How to configure spark initialization 07/12 Update SLTechnology News&Howtos

How to configure spark initialization

2025-07-12 Update From: SLTechnology News&Howtos shulou NAV: SLTechnology News&Howtos > Servers >

Shulou(Shulou.com)05/31 Report--

This article mainly explains "how to configure spark initialization". The content in the article is simple and clear, and it is easy to learn and understand. Please follow the editor's train of thought to study and learn how to configure spark initialization.

1. At a higher level, each spark application contains a driver to call the user's main function to perform various parallel operations on the cluster. The main abstraction of spark is the provision of RDD data types. The RDD data type is a collection of elements that can be segmented on a cluster and manipulated in parallel. RDD can be created from files on HDFS, existing collections of drivers, or transformations of existing RDD. Users can also persist the RDD and store it in memory for effective reuse. RDD will also automatically recover from failure. The second abstraction of spark is shared variables that can be manipulated in parallel. By default, when spark runs the function, it starts separate tasks on different nodes. Spark supports two types of shared variables, broadcast variables, saving a value on each node, and cumulative variables support cumulative operations.

2. Spark initialization

Spark applications should first create JavaSparkContext objects

SparkConf conf = new SparkConf () .setAppName (appName) .setmaster (master); JavaSparkContext sc = new JavaSparkContext (conf)

The appname setting displays the application name on the cluster UI, where master is the URL of the YARN cluster, or the string "local" indicates running the local mode. If the jar package is submitted using the spark-submit command, it can be specified by the-- master option.

3. Create RDD

RDD can be created by parallelizing a collection that already exists in a driver, or by referencing an external storage system, such as HDFS,HBase

List data = Arrays.asList (1,2,3,4,5); JavaRDD distData = sc.parallelize (data, 20)

One of the important parameters of collection parallelization is the number of copies (slices). Each piece of data will correspond to a task. Spark automatically determines the number of copies based on the cluster by default.

JavaRDD distFile = sc.textFile ("data.txt", 20)

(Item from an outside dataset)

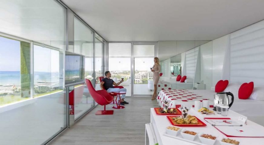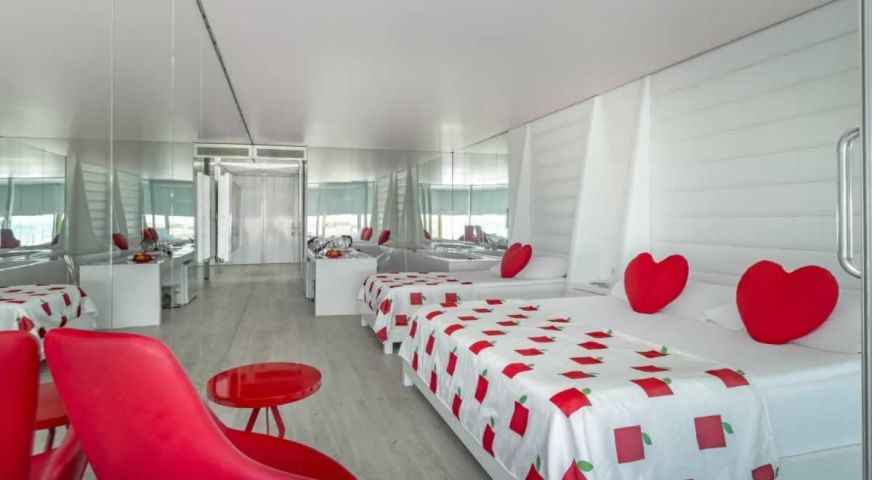 джакузи, душ с парен ефект, сешоар, халат и чехли (по запитване), централен климатик (Main Building, в определени часове), ивидуален климатик (Villas), телевизор, телефон, мини-бар (безалкохолни напитки и бира - зарежда се ежедневно, безплатно; макси-бар - платено), сейф (безплатно), електрическа кана (набор за кафе и чай, само във Villas), подова настилка - PVC покритие (Main Building), епоксидно покритие (Villas), балкон (с легло - Main Building), тераса (Villas), безжичен интернет - безплатно, почистване на стаята - ежедневно, смяна на спалното бельо - 2 пъти седмично, изменение на LED осветлението, room service (24 часа, платено)

If the file name is a local file system, you need to copy a copy of the data in the same directory of all work nodes, or use a network shared file system. All spark file input methods also support directories, compressed files, and wildcards. By default, a block will correspond to a slice. In addition to text files, spark supports other data formats, such as JavaSparkContext.wholeTextFiles,SequenceFiles.

4. Two RDD operations are supported. Transformation generates a new dataset based on an existing dataset, and action runs calculations on the RDD and returns a value to the driver. For example: map is a transformation, all the data elements through a function, the result returns a new RDD,reduce is an action, using a function to aggregate all the elements and return a result to the driver. All transformation operations are not performed immediately after the call, only when an action needs to return a result to the driver. This design makes spark more efficient, for example, when you need to pass a RDD through a map and then use reduce to return a result, you only need to return the result of reduce to the driver, rather than the larger dataset after map. The default RDD does not always exist in memory, we can call the persist or cache methods to persist, or support the RDD to be persisted to the hard disk, or backed up to multiple nodes.

5. RDD transformation method

Map (T-> U) filter (T-> Boolean) flatMap (T-> Iterator) mapPartitions (Iterator-> Iterator)

MapPartitionsWithIndex ((int,Iterator)-> Iterator)

Thank you for your reading, the above is the content of "how to configure spark initialization". After the study of this article, I believe you have a deeper understanding of how to configure spark initialization, and the specific use needs to be verified in practice. Here is, the editor will push for you more related knowledge points of the article, welcome to follow!

Welcome to subscribe "Shulou Technology Information " to get latest news, interesting things and hot topics in the IT industry, and controls the hottest and latest Internet news, technology news and IT industry trends.

*The comments in the above article only represent the author's personal views and do not represent the views and positions of this website. If you have more insights, please feel free to contribute and share.